I also detest the fact that Christmas seems to allow people to put up hideous decorations in the space I have to work in, things like smiling Santas, Ho,Ho,Ho stickers and, above all, a deeply artificial Christmas tree.
Then there is the food.
A work space needs nothing more than a coffee/drinks machine and a fridge where people can leave food that other so-called workmates will steal.
At this time of year plates of food one would not let grace the house at other times suddenly appear.
Mince pies, selection boxes, Christmas cake, strudel, boxes of sweets and, most alarmingly, vile milky alcohol drinks which are generally so sweet the enamel comes off your teeth if someone in your vicinity screws the lid off the bottle.
None of us eat this stuff for the other 11 months of the year (I am aware that some misguided souls drink milky alcohol drinks all year round but that excludes them on the grounds of gastronomic insanity) so why is it assumed we will have a complete dietary transformation just because it is Christmas?
Then there is the relentless happiness.
Everyone, especially at this time of year, should have a healthy suspicion of those who go around being happy.

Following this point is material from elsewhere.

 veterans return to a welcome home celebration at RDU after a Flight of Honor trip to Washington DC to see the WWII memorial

It is not normal and is sure to hide some form of psychopathic tendency.
The daily disposition we all trust is whinging with the odd break into forlorn wishing when talking about things which are not work.
You can also be certain that the happy ones will be those turning up in stupid hats, Christmas jumpers and various forms of Christmas jewellery, generally in red and green. I do have a tip for stalling the hats business, however.

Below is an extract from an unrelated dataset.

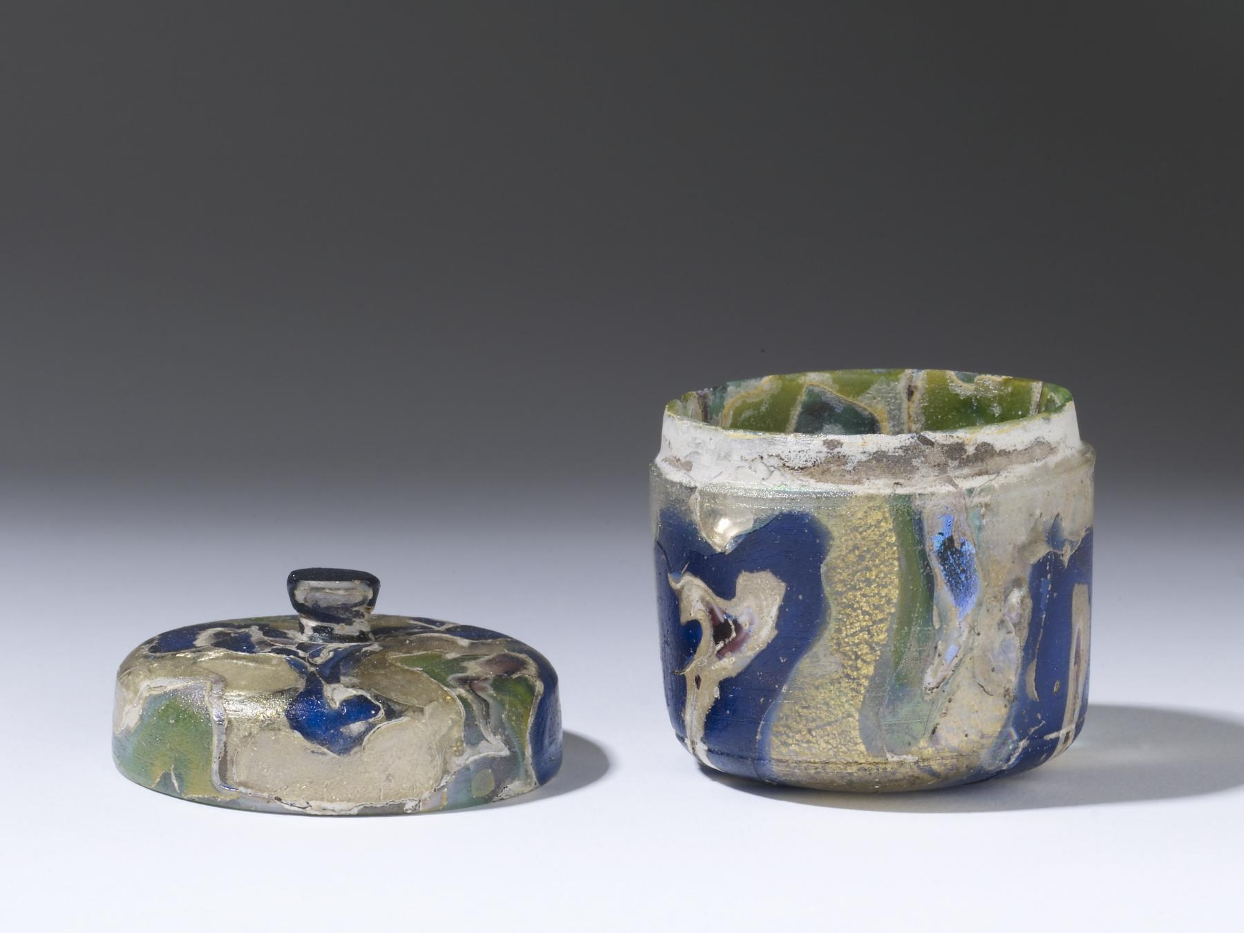 This pyxis, or cylindrical box, is an exquisite example of Roman luxury glassware, used to hold cosmetics or precious jewelry.

There is an online company which will sell you, at a very modest price given its impact, a black Santa hat with Bah Humbug written on it. I have used mine for several years and it does at least act as a kind of shield against the happy bunch.
Sadly even getting it all over with will not completely offer any solace.
As soon as you get back to work and think you are safe the first ten people you meet will ask – “Well did you have a nice Christmas?’ to which the perfect answer is – ‘It was bearable only because I did not have to see you lot every morning and be asked inane questions for which you already know the answer’.